Dans le prolongement des recherches sur la GPA et le don d’ovules visant à proposer une théorisation enracinée dans les données empiriques (Berend, 2016a; Cailleau, 2013; Teman, 2010), ma démarche de recherche se décline en trois objectifs spécifiques : 1) comprendre la manière dont les femmes impliquées dans une entente se représentent leur apport respectif dans le projet parental par GPA ou don d’ovules; 2) identifier les pratiques d’appropriation et de mises à distance de la maternité déployées par ces femmes selon leurs positions situées, ainsi que les facteurs personnels, sociaux et normatifs qui favorisent ou inhibent leur émergence et 3) mettre en lumière la dimension processuelle de l’enfantement à plusieurs.

1.3.2 La pertinence de l’étude

« Il n’est pas simple de réfléchir sur un ‘objet’ qui n’est ni une chose, ni un concept, mais une pratique, un mode de relation possible entre les individus » rappelle avec justesse Sylviane Agacinski (2009, p. 129) dans son livre Corps en miettes. Mais contrairement à la philosophe, je ne situe pas mon propos sous l’angle de la morale, pour savoir « si cette relation doit être socialement acceptable ou non » (p. 129), mais plutôt dans une approche relationnelle et pragmatique du processus de procréation assistée par tierces reproductrices.
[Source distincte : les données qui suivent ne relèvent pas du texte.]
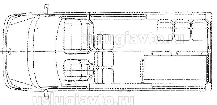 Перечень работ, произведенных при внесении изменений в конструкцию(пример грузовой цельнометаллический фургон) Демонтирована перегородка, отделяющая грузовой отсек от кабины водителя и внутренняя обивка грузового отсека. Произведено круговое остекление оконных проёмов (два стекла с форточкой), с использованием безопасных стекол по требованиям Правил ЕЭК ООН №43. Производен монтаж и установка усилителей настила пола (аналогичных или превосходящих по прочности штатные - заводского изготовления), с крепежными элементами для пассажирских сидений и выдвижного подиума. Усилители настила пола приварены к кузову ТС электродуговой сваркой. Толщина усилителей настила пола 2 мм, каркас под сидения и выдвижной подиум крепятся к усилителям пола болтами М8, пассажирские сидения крепятся к каркасу болтами М8, ремни безопасности закрепляются болтами М12. Производен монтаж и установка электропроводки для дополнительных элементов пассажирского салона. В пассажирском салоне установлен настил пола: фанера и напольное (антискользящее, влагостойкое) покрытие. Производен монтаж и установка: аварийного вентиляционного люка, приточно – вытяжной вентиляции, дополнительной подножки у правой сдвижной двери (235 мм), внутренней обивки и плафонов освещения пассажирского салона, преобразователя напряжения на 220 В, бактерицидной лампы, дополнительного жидкостного отопителя салона, независимого воздушного отопителя, 6 (шести) сертифицированных сидений в пассажирском салоне, кондиционера, выдвижного подиума по левому борту, поручней при входе в салон. Подиум оборудуется удерживающими элементами для фиксации гроба, доступ к нему осуществляется через дверцу, расположенную в задней стенке. На штатные места устанавливается перегородка с форточкой. Пассажирские сидения оборудованы сертифицированными ремнями безопасности в соответствии с требованиями Правил ЕЭК ООН №14 и 16. Для входа пассажиров используется сдвижная правая дверь. Общее число пассажирских мест, не считая места водителя, становится равным 8 (восьми).
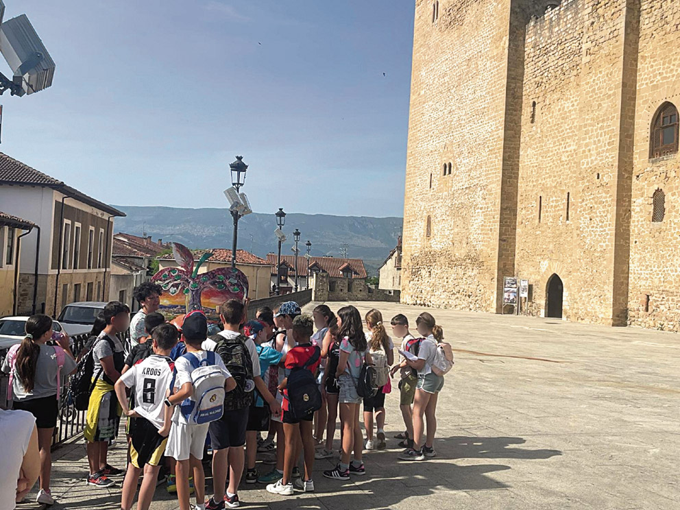 Una de las propuestas más innovadoras fue la actividad de “visita virtual” al casco histórico de Medina de Pomar, dirigida a niñas y niños de Educación Infantil y del aula de Unidad de Educación Especial. Gracias a una adaptación didáctica realizada en el polideportivo del centro, el casco histórico “viajó” hasta el colegio mediante un juego de búsqueda de pegatinas que representaban los principales monumentos y lugares emblemáticos de la ciudad, acompañados de pequeñas explicaciones. En total, participaron 177 escolares en esta original propuesta.

De fait, je m’intéresse à la « scission de la maternité » observée entre autres par Neyrand (2004, p. 36), mais aussi aux liens qui se tissent ou se délient entre les principales protagonistes, leurs motivations à avoir recours aux techniques de reproduction assistée ou à participer au projet parental d’autrui, et les répercussions de cette décision sur leurs trajectoires de vie. La dimension relationnelle, de même que l’intérêt pour leurs expériences subjectives comme sources de savoirs légitimes trouvent naturellement écho en sciences humaines appliquées et dans les métiers de la relation d’aide, où ces préoccupations sont présentes au quotidien dans la pratique (Higginbottom et Lauridsen, 2014).
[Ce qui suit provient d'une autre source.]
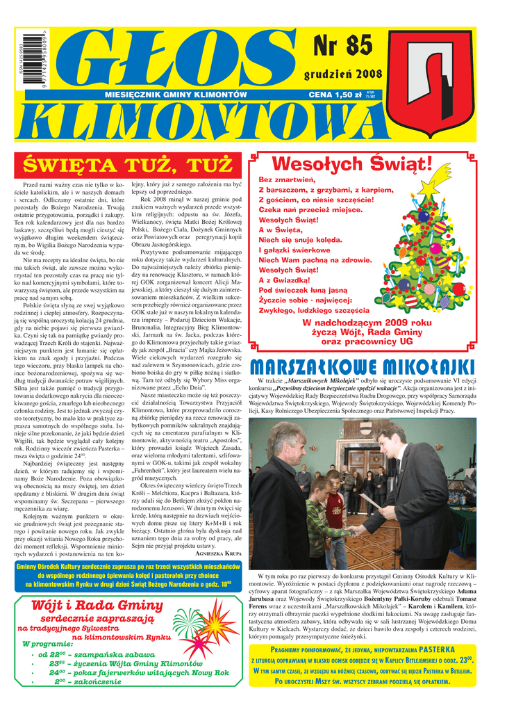 9 771425 958009 > ISSN 1425-9583 GŁOS Nr 85 grudzień 2008 KLIMONTOWA MIESIĘCZNIK GMINY KLIMONTÓW ŚWIĘTA TUŻ, TUŻ Przed nami ważny czas nie tylko w kościele katolickim, ale i w naszych domach i sercach. Odliczamy ostatnie dni, które pozostały do Bożego Narodzenia. Trwają ostatnie przygotowania, porządki i zakupy. Ten rok kalendarzowy jest dla nas bardzo łaskawy, szczęśliwi będą mogli cieszyć się wyjątkowo długim weekendem świątecznym, bo Wigilia Bożego Narodzenia wypada we środę. Nie ma recepty na idealne święta, bo nie ma takich świąt, ale zawsze można wykorzystać ten pozostały czas na pracę nie tylko nad komercyjnymi symbolami, które towarzyszą świętom, ale przede wszystkim na pracę nad samym sobą. Polskie święta słyną ze swej wyjątkowo rodzinnej i ciepłej atmosfery. Rozpoczynają się wspólną uroczystą kolacją 24 grudnia, gdy na niebie pojawi się pierwsza gwiazdka. Czyni się tak na pamiątkę gwiazdy prowadzącej Trzech Króli do stajenki. Najważniejszym punktem jest łamanie się opłatkiem na znak zgody i przyjaźni. Podczas tego wieczoru, przy blasku lampek na choince bożonarodzeniowej, spożywa się według tradycji dwanaście potraw wigilijnych. Silna jest także pamięć o tradycji przygotowania dodatkowego nakrycia dla nieoczekiwanego gościa, zmarłego lub nieobecnego członka rodziny. Jest to jednak zwyczaj czysto teoretyczny, bo mało kto w praktyce zaprasza samotnych do wspólnego stołu. Istnieje silne przekonanie, że jaki będzie dzień Wigilii, tak będzie wyglądał cały kolejny rok. Rodzinny wieczór zwieńcza Pasterka – msza święta o godzinie 2400. Najbardziej świąteczny jest następny dzień, w którym radujemy się i wspominamy Boże Narodzenie. Poza obowiązkową obecnością na mszy świętej, ten dzień spędzamy z bliskimi. W drugim dniu świąt wspominamy św. Szczepana – pierwszego męczennika za wiarę. Kolejnym ważnym punktem w okresie grudniowych świąt jest pożegnanie starego i powitanie nowego roku. Jak zwykle przy okazji witania Nowego Roku przychodzi moment refleksji. Wspomnienie minionych wydarzeń i postanowienia na ten ko- lejny, który już z samego założeniu ma być lepszy od poprzedniego. Rok 2008 minął w naszej gminie pod znakiem ważnych wydarzeń przede wszystkim religijnych: odpustu na św. Józefa, Wielkanocy, święta Matki Bożej Królowej Polski, Bożego Ciała, Dożynek Gminnych oraz Powiatowych oraz peregrynacji kopii Obrazu Jasnogórskiego. Pozytywne podsumowanie mijającego roku dotyczy także wydarzeń kulturalnych. Do najważniejszych należy zbiórka pieniędzy na renowację Klasztoru, w ramach której GOK zorganizował koncert Alicji Majewskiej, a który cieszył się dużym zainteresowaniem mieszkańców. Z wielkim sukcesem przebiegły również organizowane przez GOK stałe już w naszym lokalnym kalendarzu imprezy – Podaruj Dzieciom Wakacje, Brunonalia, Integracyjny Bieg Klimontowski, Jarmark na św. Jacka, podczas którego do Klimontowa przyjechały takie gwiazdy jak zespół „Bracia” czy Majka Jeżowska. Wiele ciekawych wydarzeń rozegrało się nad zalewem w Szymonowicach, gdzie zrobiono boiska do gry w piłkę nożną i siatkową. Tam też odbyły się Wybory Miss organizowane przez „Echo Dnia”. Nasze miasteczko może się też poszczycić działalnością Towarzystwa Przyjaciół Klimontowa, które przeprowadziło coroczną zbiórkę pieniędzy na rzecz renowacji zabytkowych pomników sakralnych znajdujących się na cmentarzu parafialnym w Klimontowie, aktywnością teatru „Apostolos”, który prowadzi ksiądz Wojciech Zasada, oraz wieloma młodymi talentami, szlifowanymi w GOK-u, takimi jak zespół wokalny „Fahrenheit”, który jest laureatem wielu nagród muzycznych. Okres świąteczny wieńczy święto Trzech Króli – Melchiora, Kacpra i Baltazara, którzy udali się do Betlejem złożyć pokłon narodzonemu Jezusowi. W dniu tym święci się kredę, którą następnie na drzwiach wejściowych domu pisze się litery K+M+B i rok bieżący. Ostatnio głośna była dyskusja nad uznaniem tego dnia za wolny od pracy, ale Sejm nie przyjął projektu ustawy. AGNIESZKA KRUPA Gminny Oœrodek Kultury serdecznie zaprasza po raz trzeci wszystkich mieszkañców do wspólnego rodzinnego œpiewania kolêd i pastora³ek przy choince na klimontowskim Rynku w drugi dzieñ Œwi¹t Bo¿ego Narodzenia o godz. 1800 Wójt i Rada Gminy serdecznie zapraszaj¹ na tradycyjnego Sylwestra na klimontowskim Rynku W programie: · od 2200 – szampañska zabawa · 2355 – ¿yczenia Wójta Gminy Klimontów · 2400 – pokaz fajerwerków witaj¹cych Nowy Rok · 200 – zakoñczenie CENA 1,50 zł w tym 7% VAT Wesołych Świąt! Bez zmartwień, Z barszczem, z grzybami, z karpiem, Z gościem, co niesie szczęście! Czeka nań przecież miejsce. Wesołych Świąt! A w Święta, Niech się snuje kolęda. I gałązki świerkowe Niech Wam pachną na zdrowie. Wesołych Świąt! A z Gwiazdką! Pod świeczek łuną jasną Życzcie sobie - najwięcej: Zwykłego, ludzkiego szczęścia W nadchodzącym 2009 roku życzą Wójt, Rada Gminy oraz pracownicy UG MARSZA£KOWE MIKO£AJKI W trakcie „Marszałkowych Mikołajek” odbyło się uroczyste podsumowanie VI edycji konkursu „Pozwólmy dzieciom bezpiecznie spędzić wakacje”. Akcja organizowana jest z inicjatywy Wojewódzkiej Rady Bezpieczeństwa Ruchu Drogowego, przy współpracy Samorządu Województwa Świętokrzyskiego, Wojewody Świętokrzyskiego, Wojewódzkiej Komendy Policji, Kasy Rolniczego Ubezpieczenia Społecznego oraz Państwowej Inspekcji Pracy. W tym roku po raz pierwszy do konkursu przystąpił Gminny Ośrodek Kultury w Klimontowie. Wyróżnienie w postaci dyplomu z podziękowaniami oraz nagrodę rzeczową – cyfrowy aparat fotograficzny – z rąk Marszałka Województwa Świętokrzyskiego Adama Jarubasa oraz Wojewody Świętokrzyskiego Bożentyny Pałki-Koruby odebrali Tomasz Ferens wraz z uczestnikami

Considérant que les femmes se positionnement dans une certaine mesure en rupture avec les attentes normatives liées à la féminité et à la maternité, il m’apparaît pertinent de chercher à comprendre comment elles se perçoivent et naviguent à travers ces systèmes normatifs. De fait, ces situations agissent comme des révélateurs des conceptions et des valeurs qui participent à maintenir et à reproduire des normes liées au genre et à la famille dans notre société. L’ancrage féministe de la recherche prend alors tout son sens, puisque cette dernière représente à la fois un projet de constructions de savoirs scientifiques, de même qu’un projet sociopolitique visant à questionner l’institution de la maternité (Ollivier et Tremblay, 2000). Ma démarche vise justement à mettre « la marge » au centre de l’analyse en relayant les voix des femmes, tout en en considérant l’influence des structures sociales.
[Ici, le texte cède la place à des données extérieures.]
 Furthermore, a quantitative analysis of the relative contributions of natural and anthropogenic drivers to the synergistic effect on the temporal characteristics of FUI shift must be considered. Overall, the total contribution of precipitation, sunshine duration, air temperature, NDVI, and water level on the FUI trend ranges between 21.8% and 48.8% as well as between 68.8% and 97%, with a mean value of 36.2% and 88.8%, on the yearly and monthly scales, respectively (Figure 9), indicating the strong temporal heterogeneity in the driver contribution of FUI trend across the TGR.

À ma connaissance, aucune recherche n’a encore croisé les expériences des mères d’intention, des femmes porteuses et des donneuses d’ovules impliquées dans une entente de procréation assistée au Canada. Une telle triangulation peut offrir un regard inédit sur le

phénomène, puisqu’il met en dialogue les points de vue des actrices directement impliquées dans le processus. L’étude aborde ainsi un aspect négligé de la recherche sur les réalités familiales et la procréation assistée (Markens, 2016). Dans un contexte où l’actualité récente témoigne de l’acuité des enjeux juridiques, éthiques et sociaux liés à la GPA et au don d’ovules, les résultats permettront d’alimenter les réflexions entourant leur régulation à partir de données empiriques, rejoignant ainsi les recommandations formulées à l’intention du Législateur québécois par divers acteurs publics.